I lived with subsistence hunters in Canada. They use every bit of the animal and hunting is just as thrilling. The whole Avatar meme in regards to taking an animal isn't really accurate. Taking an animal is fun, practical, and fulfilling in ways that many activities aren't. 

As far as moralizing goes, I grew up hunting and fishing and I would say I have a realistic view of suffering and death. I'm not kicking puppies or pulling the wings off of flies in my basement, nor am I bending my will to the state religion to kill a bunch of people who never did a thing to me. None of that is practical or fulfilling. From my perspective, as someone who has taken life in nature, most of the suffering and death that humans cause each other is the ultimate waste. 

At least the Maori ate their war dead...

Anyway, this is a huge thread hijack.  We should split this conversation off into a new thread...


----------



## elder999 (May 13, 2012)

It's not for me, but I can understand the point of view of those who "trophy and sport" hunt.

It's totally unecessary for me to hunt for meat-I do it for pleasure and health reasons: elk and venison are just soooo much better than most store bought meat-it's the same reason I raise chickens and rabbits, really. 

That, and it's a truly wonderful activity on a bunch of levels that I'm not going to detail here, just say that it's spiritually fulfilling, and part of my personal warrior ethos.

On the other hand, I'd never hunt a bear unless I were starving-again, for a variety of reasons that are my own. I don't begrudge anyone the pleasure of a bear hunt, or eating bear meat, and I'd eat it if it were served to me, but I hope to never have to harvest any myself-or to kill a bear under any circumstances.

Worked with a guy who went on safari in Africa every couple of years-he and his wife had taken kudu, Cape buffalo, leopard(?) and elephant. Don't care much for guided hunts, but I had to respect going into the field after an animal that could as easily kill you, and maybe wanted to. Not for me, but it was his money.

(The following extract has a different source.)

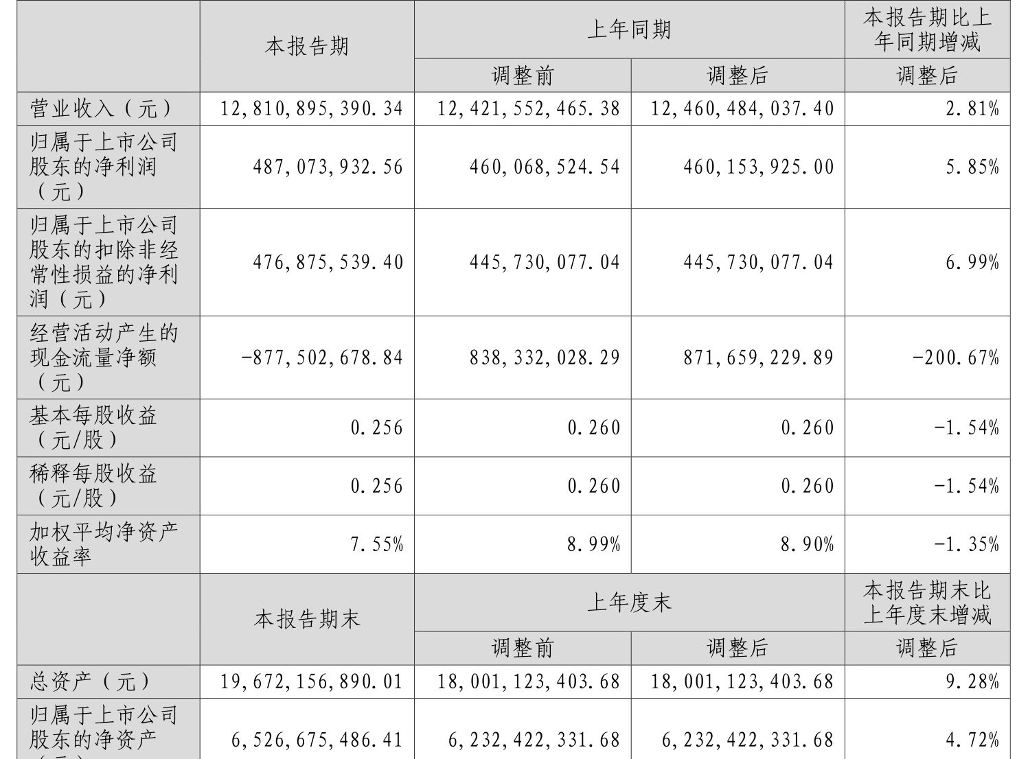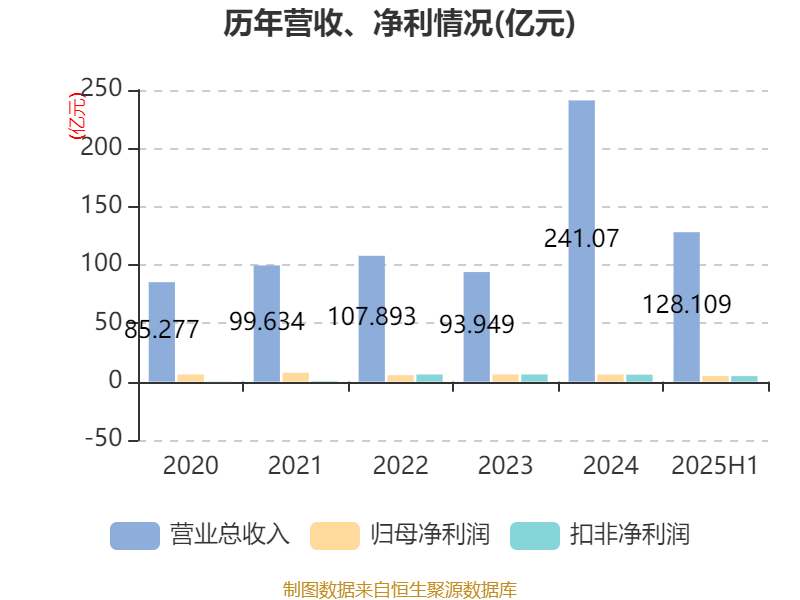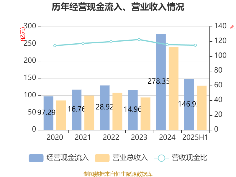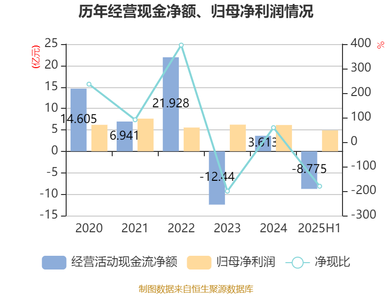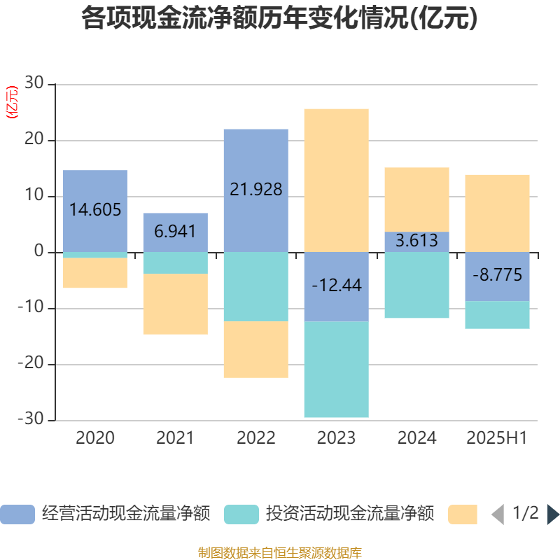 2025年上半年,公司经营活动现金流净额为-8.78亿元,同比减少17.49亿元;筹资活动现金流净额13.77亿元,同比增加13.67亿元;投资活动现金流净额-4.93亿元,上年同期为-7.39亿元。

As for hunting a brown bear in Alaska with a yumi-, as someone who has done a great deal of hunting with a bow, and actually has some experience wqith jyudo, I can say this: there used to be (still are?) bears in Japan, and this was the bow they were hunted with-if you're familiar with the weapon, and can fashion appropriate arrows yourself (the draw length is longer because the Japanese draw pulls back beyond the ear, so the arrows are much longer as well) you can even use modern broadheads-at least, I don't see any reason why you couldn't. It really doesn't take much more than 35# draw weight to kill a smaller bear, so it's feasible...........I'd just have to ask, *why*? A modern compound bow, recurve or longbow is challenge enough with any animal, let alone one that might kill you, why add another level of complication?>


----------



## Tez3 (May 13, 2012)

Makalakumu said:


> I lived with subsistence hunters in Canada. They use every bit of the animal and hunting is just as thrilling. The whole Avatar meme in regards to taking an animal isn't really accurate. Taking an animal is fun, practical, and fulfilling in ways that many activities aren't.
> 
> As far as moralizing goes, I grew up hunting and fishing and I would say I have a realistic view of suffering and death. I'm not kicking puppies or pulling the wings off of flies in my basement, nor am I bending my will to the state religion to kill a bunch of people who never did a thing to me. None of that is practical or fulfilling. From my perspective, as someone who has taken life in nature, most of the suffering and death that humans cause each other is the ultimate waste.
> 
> ...



It's not, the OP said he wanted to shoot a bear with a Japanese bow, he siad there was the whole 'life and death' experience about it, presumably why he didn't shoot them with the usual weapons, he wants to make it an 'experience' so it's about more than just using a bow and arrow. So there is no thread drift.
Avatar meme? I haven't seen Avatar and don't get get sentimental about killing animals for food, I just find it pointless and wasteful when people who are on an ego trip kill animals for no other reason than to make the shooter feel like a bigger person and stick a stuffed head on their walls. if you want to kill bears for food, go ahead but don't turn it into a freak show for the ego by using a Japanese bow for 'amusement' and glory, that's just a load of bear dung.


----------



## Makalakumu (May 13, 2012)

Tez3 said:


> It's not, the OP said he wanted to shoot a bear with a Japanese bow, he siad there was the whole 'life and death' experience about it, presumably why he didn't shoot them with the usual weapons, he wants to make it an 'experience' so it's about more than just using a bow and arrow. So there is no thread drift.
> Avatar meme? I haven't seen Avatar and don't get get sentimental about killing animals for food, I just find it pointless and wasteful when people who are on an ego trip kill animals for no other reason than to make the shooter feel like a bigger person and stick a stuffed head on their walls. if you want to kill bears for food, go ahead but don't turn it into a freak show for the ego by using a Japanese bow for 'amusement' and glory, that's just a load of bear dung.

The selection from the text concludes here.